Two years after it slashed its dividend and began selling off major properties worldwide, Dallas-based TXU Corp. last week hiked its dividend by 350%, raised its earnings forecast for the next two years and increased its share buyback program.
TXU raised its quarterly dividend to 56.25 cents/share from 12.5 cents. The new policy sets the dividend at an annual rate of $2.25, with an expectation of 5% annual dividend growth. TXU said its decision was the result of its completion of a “Phase Two” performance improvement review, and the dividend policy review announced by the company in September.
Two years ago, TXU slashed its dividend 80% as it moved to build liquidity in its North American operations (see NGI, Oct. 21, 2002). TXU began selling all of its European assets at that time, including its core UK assets.
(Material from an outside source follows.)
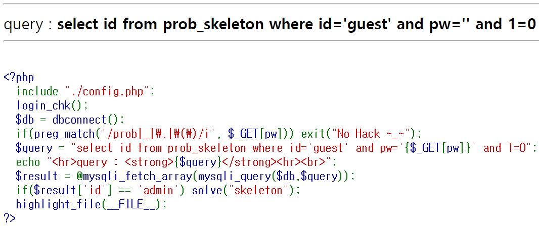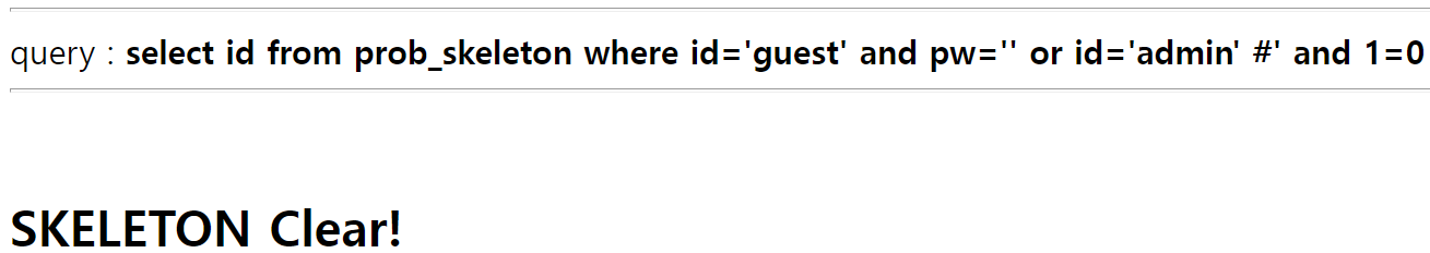 $query = "select id from prob_skeleton where (id='guest' and pw='') or id='admin' #' and 1=0";

When the dividend cut became news, TXU’s shareholders sold more than 29 million shares and dropped the stock as low as $10.10. It also was downgraded by the major credit ratings services.
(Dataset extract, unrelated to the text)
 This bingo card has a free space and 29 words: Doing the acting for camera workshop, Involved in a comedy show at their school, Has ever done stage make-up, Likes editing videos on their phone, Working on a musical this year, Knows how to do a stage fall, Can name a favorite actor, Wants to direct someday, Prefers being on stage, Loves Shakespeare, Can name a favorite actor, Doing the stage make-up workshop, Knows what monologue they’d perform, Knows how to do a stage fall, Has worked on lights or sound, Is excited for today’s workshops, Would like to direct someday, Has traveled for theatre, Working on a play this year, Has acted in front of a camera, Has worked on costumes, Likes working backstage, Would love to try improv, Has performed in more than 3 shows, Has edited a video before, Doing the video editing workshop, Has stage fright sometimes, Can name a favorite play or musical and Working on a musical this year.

TXU initiated its three-phase strategy earlier this year to restructure and improve the performance of its business. Phase One, its restructuring phase, will “rationalize, restructure and restore financial strength to the company through a set of integrated transactions and profitability restoration initiatives.” Phase One, which involves asset sales, is “essentially complete,” the company said, “although TXU anticipates continued restructuring activity through 2004 and “perhaps” through 2005.
Phase Two, focused on performance improvement, is to “strengthen the core businesses and drive performance improvements through applying high performance industrial company practices and standards.” In Phase Three, its long-term capital allocation and growth phase, TXU will discuss how to allocate capital and grow. TXU said it would take the “balance of 2005 to adequately address Phase Three.”